Menéndez Pelayo 1886

Marcelino Menéndez y Pelayo: «[Carta dedicatoria al] Sr. D. José Alcalá Galiano»

Poemas dramáticos de Lord Byron: Caín – Sardanápalo – Manfredo, Madrid, A. Pérez Dubrull, 1886, XVXXXVI.

 

[XV] Mi querido amigo: Su carta de V. cariñosísima, ha sido para mí algo semejante a una resurrección. Allá, cuando yo cursaba las aulas (no hace mucho tiempo, porque no soy viejo), oía sonar entre los nombres de los poetas castellanos de más crédito y fama el nombre del valiente poeta de las odas Al túnel del Mont–Cenis y Al Coliseo Romano; del fácil y amenísimo poeta de El estereoscopio social. Decíase entre todos los aficionados a estos estudios que el tal poeta había traducido a Leopardi, siguiendo tan de cerca al original, que casi le había bebido los alientos: añadíase que su genio explorador y aventurero de nuevas tierras y conquistador de [XVI] ellas para el arte nacional, había dado alta muestra de sí traduciendo en años todavía muy juveniles el Manfedo, de Byron, con tal exactitud y perfección, que desalentaba toda competencia. Y era, en fin, rumor público que existían de su mano traducciones de las Geórgicas (para lo cual no tenía que buscar fuera de su casa ejemplo que seguir o emular), y de Schiller y de otros poetas, así líricos como dramáticos, así antiguos como modernos; pero todos ellos pertenecientes a la raza de los inmortales.

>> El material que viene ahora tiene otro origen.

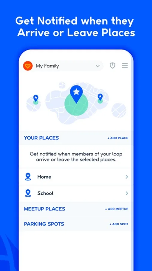 * Save or add places and get real-time alerts when a Loop member, friend or family arrives or leaves saved places like home, work, school, etc.
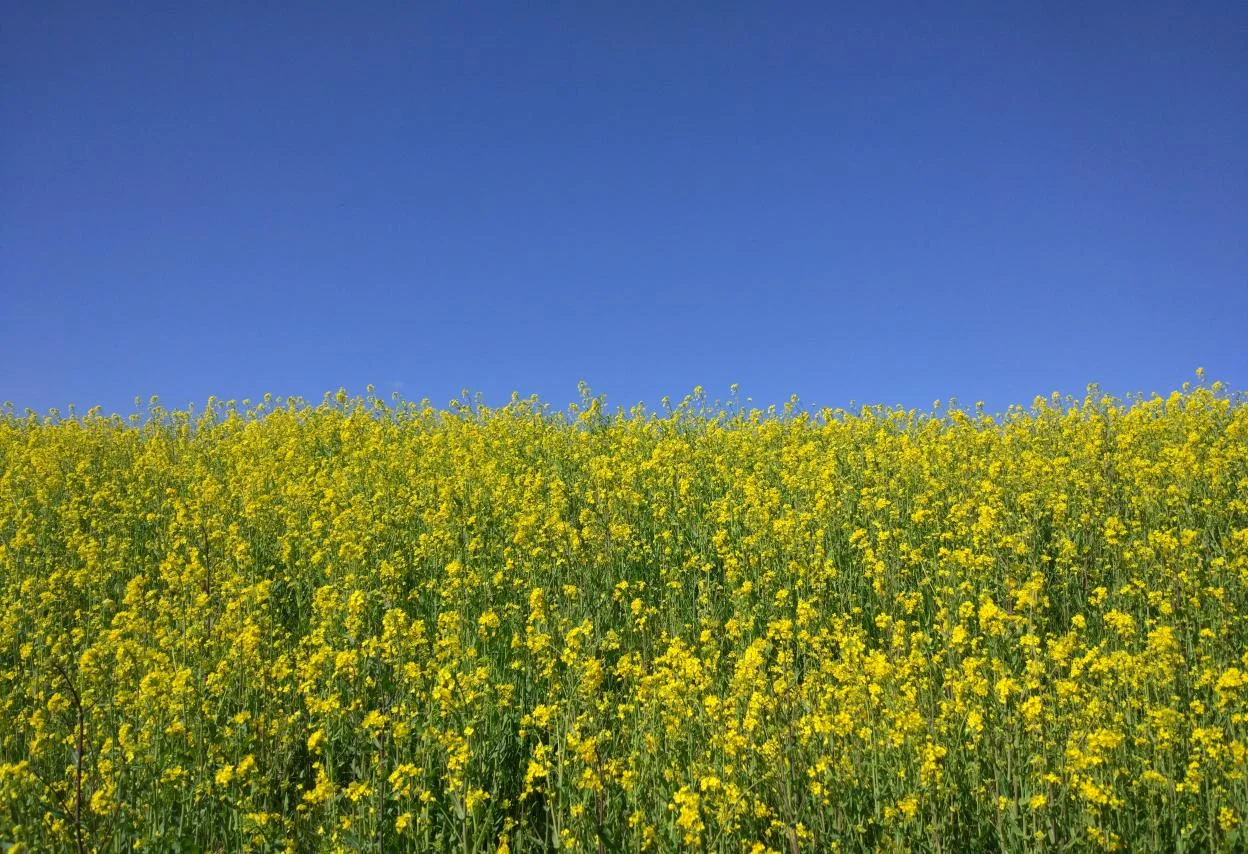 Des deux côtés de la piste, encore des fleurs de moutarde chinoise, à perte de vue.
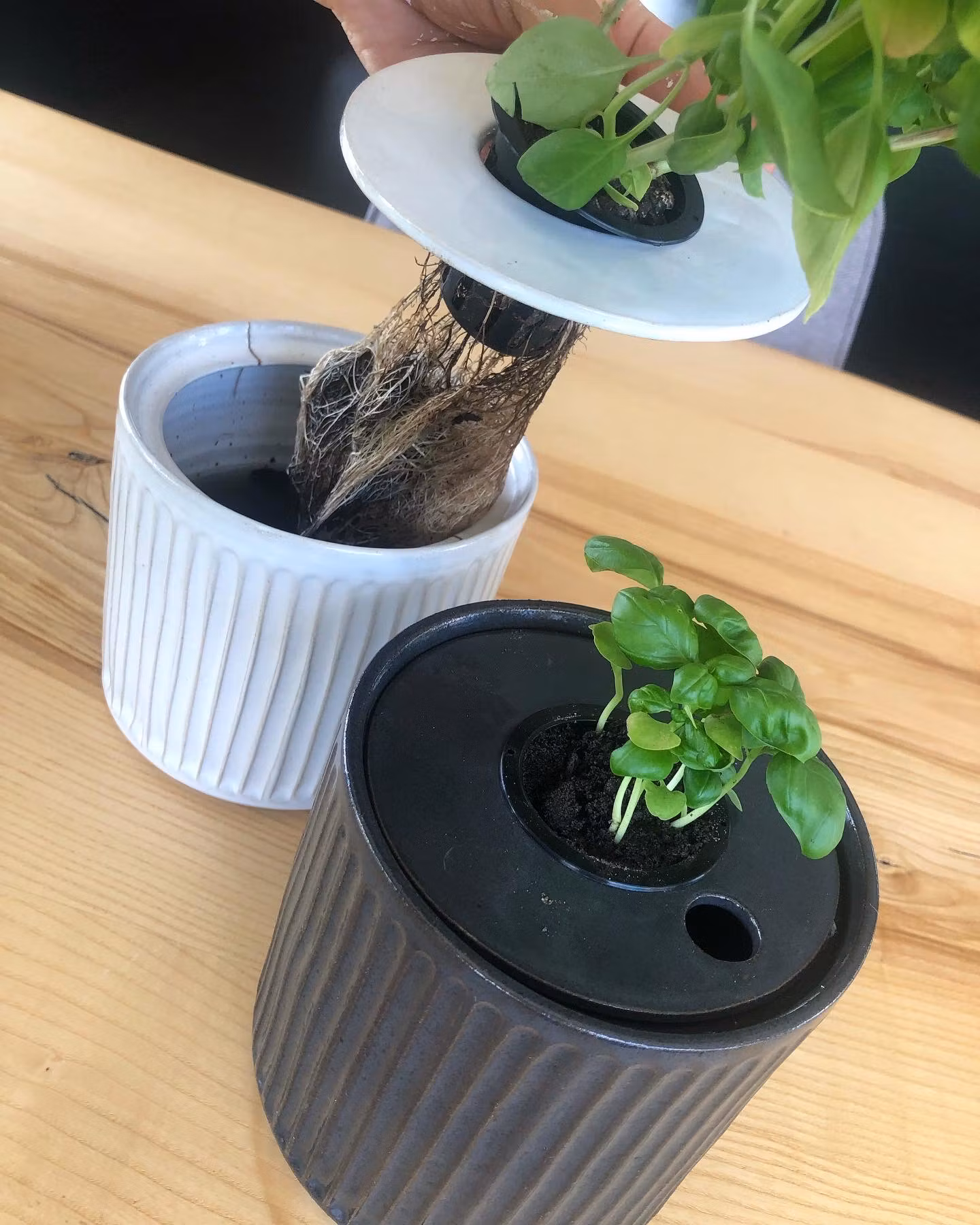 Det här är en kruka för hydroponisk odling, odling i vatten istället för jord. Jag är partisk, men måste säga att jag älskar den och använder flera hemma! Detta är en av mina mest sålda produkter.
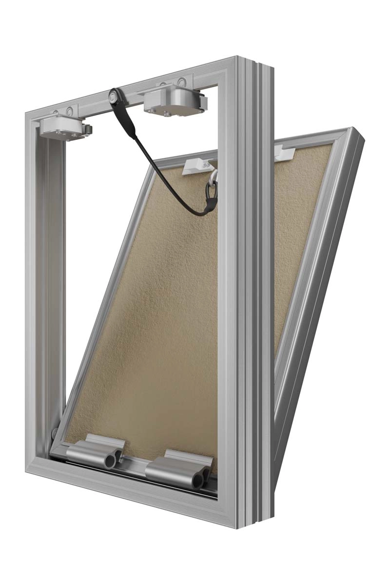 В случае пластиковых люков с фланцем возможно снятие дверцы для удобства монтажа или ревизии.
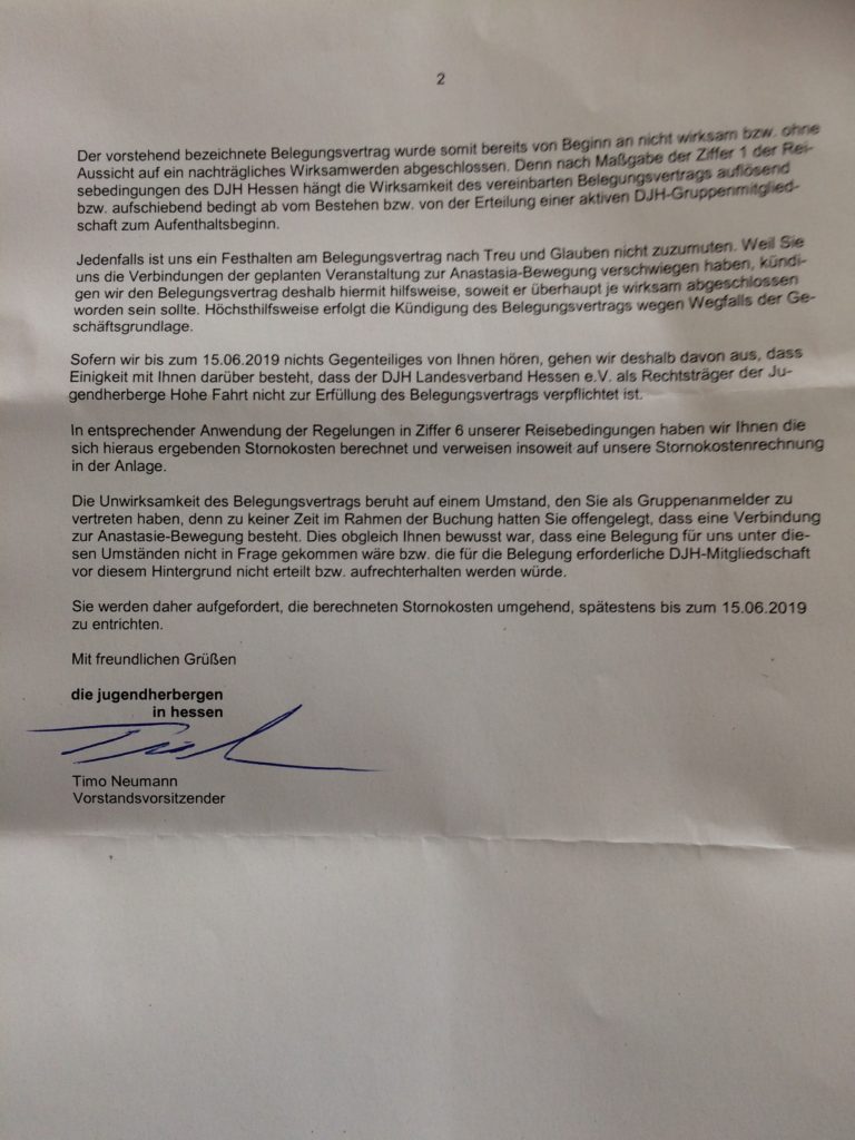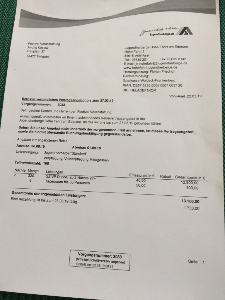 Es sollte vom Festivalveranstalter doch eigentlich die Möglichkeit bestehen, Schadensersatz von der Jugendherberge (oder eben dem entsprechenden Vertragspartner) einzuklagen. Schließlich sind Aufwendungen entstanden und Gewinne verloren gegangen. Einfach mal in die Gegenoffensive gehen. 🙂
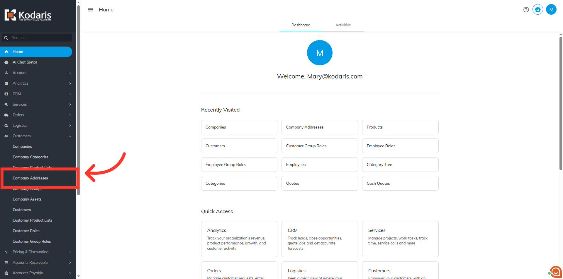 Then, click on the "Company Addresses". In order to access “Customer Addresses” you will need to be set up either as an "administrator" or a "superuser", or have the appropriate roles: “companyAddressView” and “companyAddressEdit”.
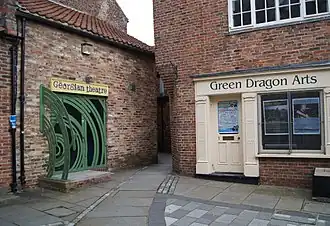 The theatre has a capacity of 200 (standing) and is situated in the 'Cultural Quarter' of Stockton town centre, which is centred on Green Dragon Yard. It is gabled with pantiled roof and approached at the south end from a cobbled passage. There is a lean-to structure at the southern end, which is relatively modern. Adjoining is a cottage which was used as a drawing room, with actors entering the theatre through a door at the stage end of the east wall.[1]
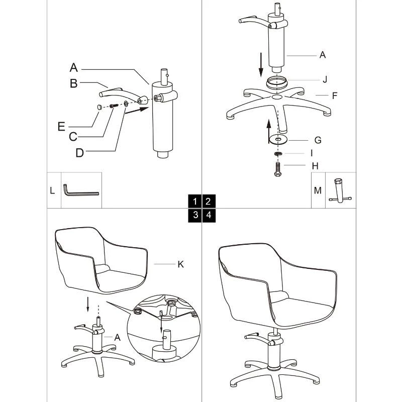 Insérer la pompe dans la base du fauteuil et ajouter les embouts en caoutchouc sur chaque pied.
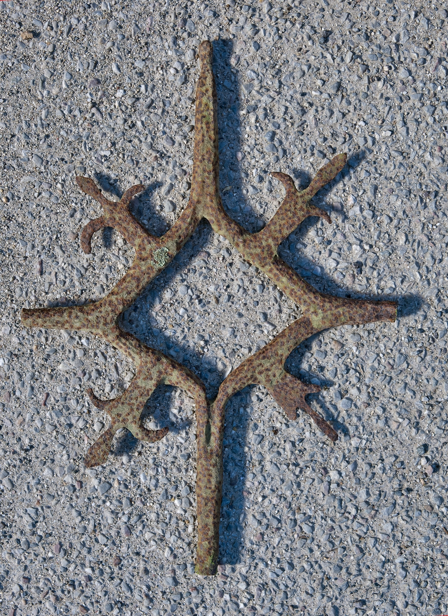 Portail d'entrée. Grille de la baie haute, en fer forgé avec motifs de fleurs de lysImmatriculation
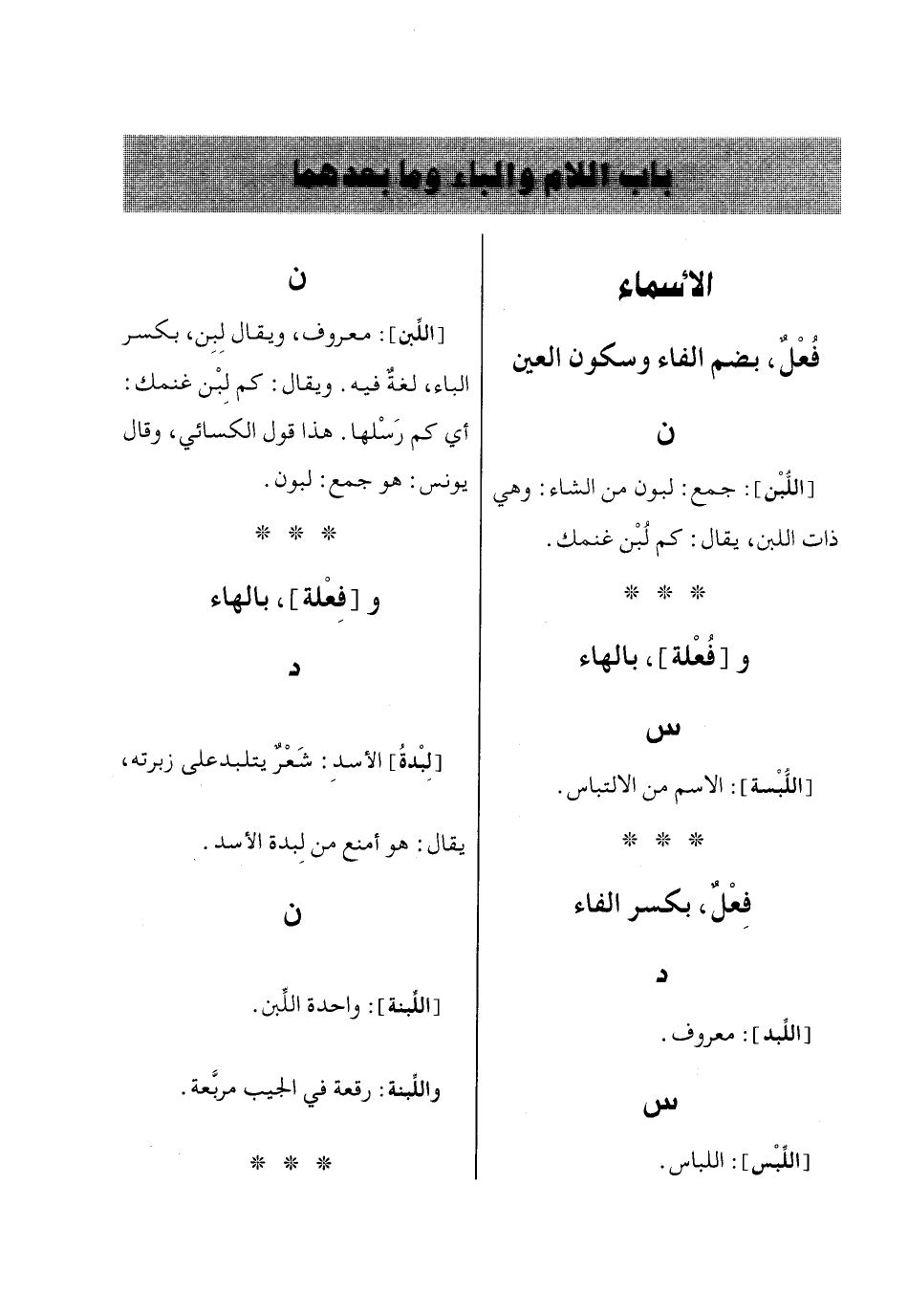 [اللِّبن]: معروف، ويقال لِبِن، بكسر الباء، لغةٌ فيه. ويقال: كم لِبْن غنمك:
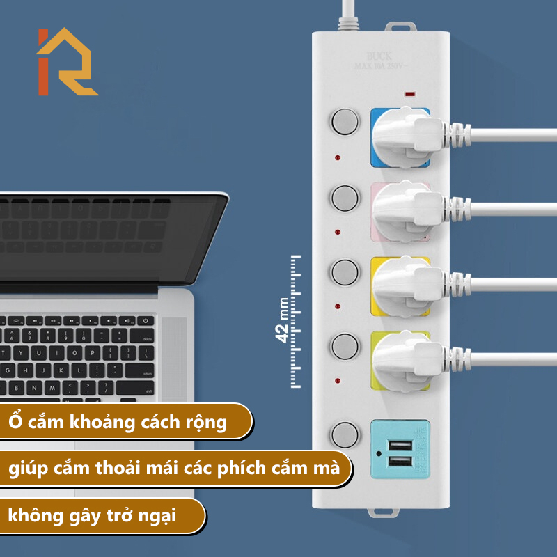 – Ổ cắm khoảng cách rộng, giúp cắm thoải mái các phích cắm to mà không gây trở ngại
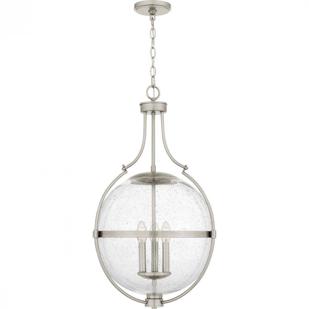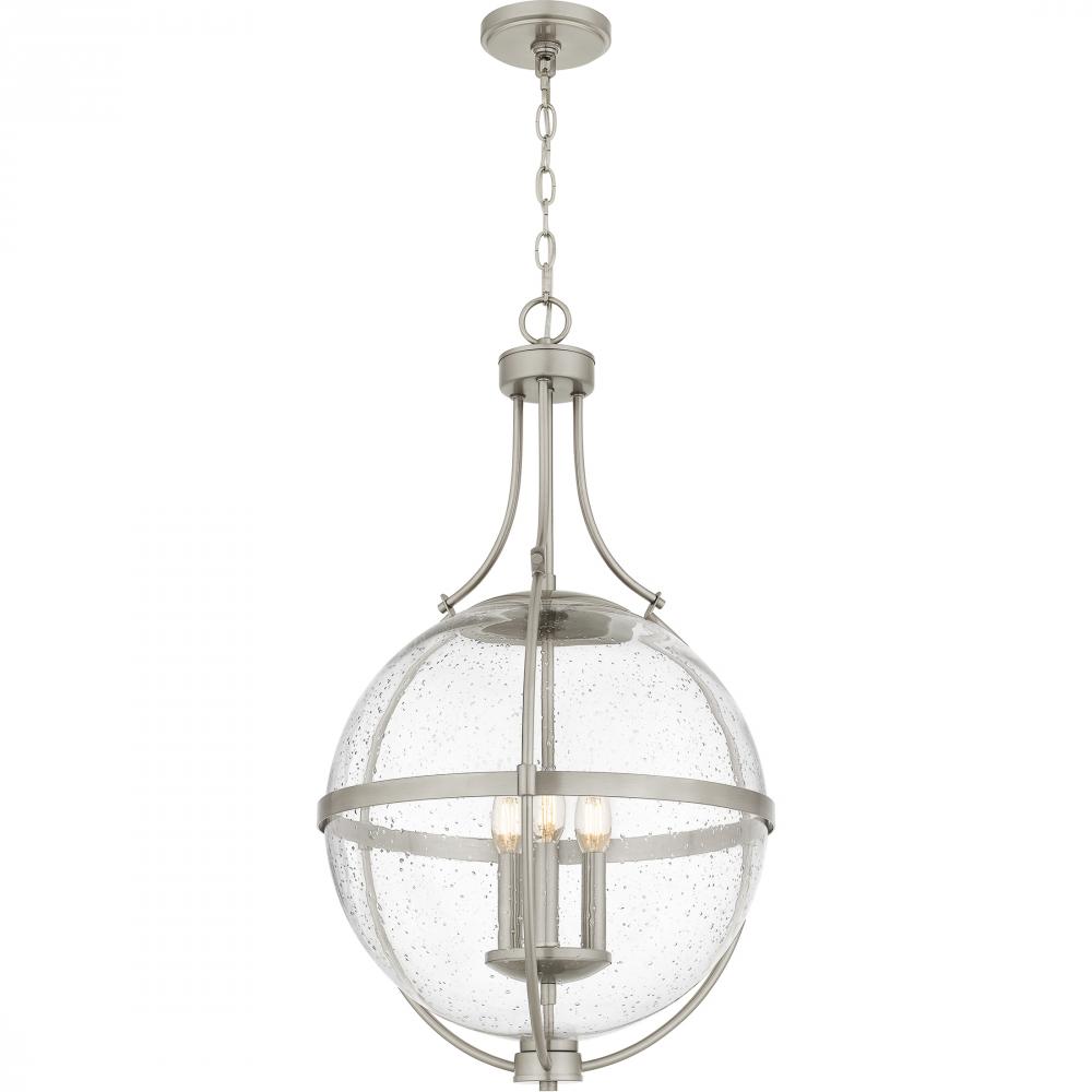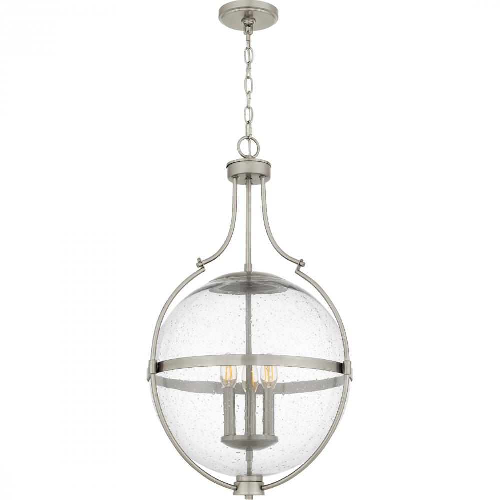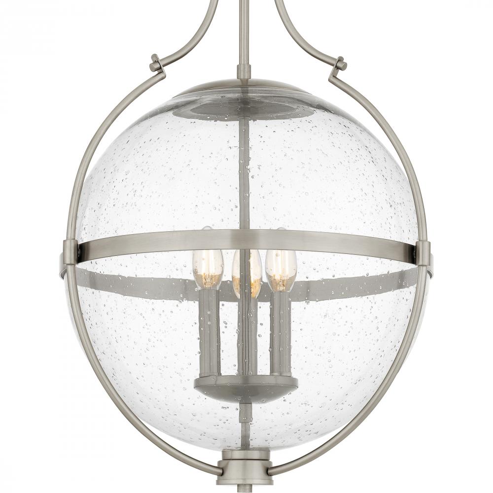Add transitional flair to your home with Chicago pendant lights. The clear seedy glass globe adds sophistication and modern style, pairing beautifully with the exposed bulb sockets and sleek metal lines. Choose from brushed nickel or matte black, two fanta
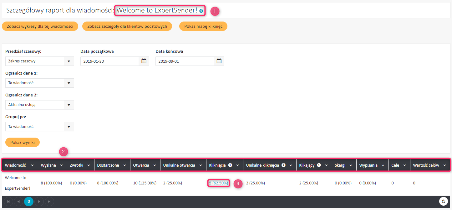 W przeciwieństwie do Raportu zbiorczego email, możesz kliknąć na wartość w kolumnie Kliknięcia (zob. (3) powyżej), by otrzymać więcej informacji o kliknięciach w wiadomości:
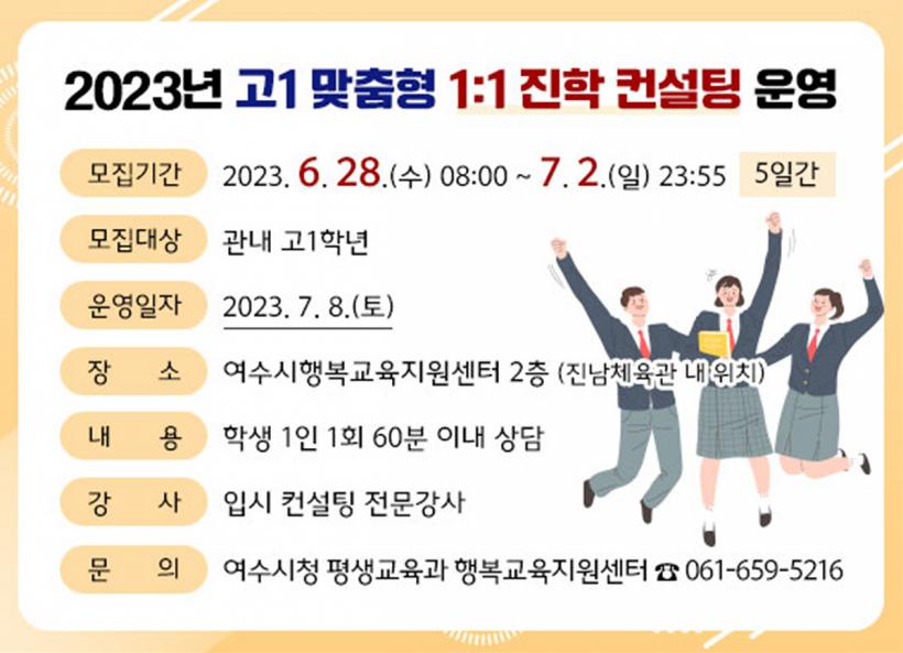 [°ø°£´º½º = ±è¿ëÁø±âÀÚ] ¿©¼ö½Ã(½ÃÀå Á¤±â¸í)°¡ ¿À´Â 7¿ù 8ÀÏ Åä¿äÀÏ Çູ±³À°Áö¿ø¼¾ÅÍ¿¡¼ ¡®°í1 ¸ÂÃãÇü 1´ë1 ÁøÇÐ ÄÁ¼³ÆÃ¡¯À» ¿î¿µÇÑ´Ù.

Luego este poeta se alejó de nosotros; de tiempo en tiempo oíamos su nombre, y aun lográbamos tal cual inspiración de su numen, firmada en las regiones clásicas, o en la tierra que habitaron los patriarcas, o entre las brumas escocesas: sus buenos amigos no podíamos apartar de la memoria aquella inspiración franca y aquel genial desembarazo y alta cultura, que tanto contrastaba con el abatimiento y decadencia, cada día más visibles, de nuestra poesía lírica, tan postrada hoy, si no en las formas externas, por lo menos en lo que toca y pertenece al fondo y a la médula del pensamiento, que, bueno o malo, torcido o derecho, debe tener, para que merezca el título de poético, una elevación y un temple que en vano buscamos en la mayor parte [XVII] de los versos más o menos elegantes que tenemos costumbre de leer en España.

Al fin el poeta despertó, y ¡de qué manera tan brillante! Quiera Dios que este despertar sea principio de nueva y más enérgica acción, y no intervalo para otro más largo y más profundo sueño. Como aquel que, habiendo dejado enmohecer por largo desuso sus fuerzas musculares, intenta renovarlas, y prepárase a nueva fatiga por medio de artificiales ejercicios gimnásticos, el poeta lírico que yo conocí y admiré en otros tiempos, se presenta al vulgo de los lectores españoles como un principiante o como un desconocido, con un tomo de traducciones. Otras vendrán después, y, sin duda también, en pos de ellas, los versos originales del poeta, unos inéditos, y otros (doloroso es confesarlo) tan desconocidos como si inéditos estuviesen.

En este procedimiento resplandece la modestia, dote que siempre ha enaltecido a V., y que tanto contrasta con el general engreimiento de los versificadores, capaces de dar lecciones de arte, no ya a lord Byron, sino al mismo Homero, o al mismo Píndaro que se les ponga por delante. V. presenta desde luego como principal título a la estimación de los que saben admirar las cosas bellas, su admiración hacia los grandes maestros [XVIII] del sentir y del expresar armoniosamente lo sentido, Y como persona culta y bien educada que es, no se introduce bruscamente en una sociedad, de la cual, por su largo alejamiento, ha llegado a creerse extraño, sino que busca, para la ceremonia de la presentación, el amparo de un gentleman tan cumplido como el autor de Caín, de Manfredo y de Sardanápalo. El que no respete en las letras semejante aristocracia, ¿cuál ha de respetar?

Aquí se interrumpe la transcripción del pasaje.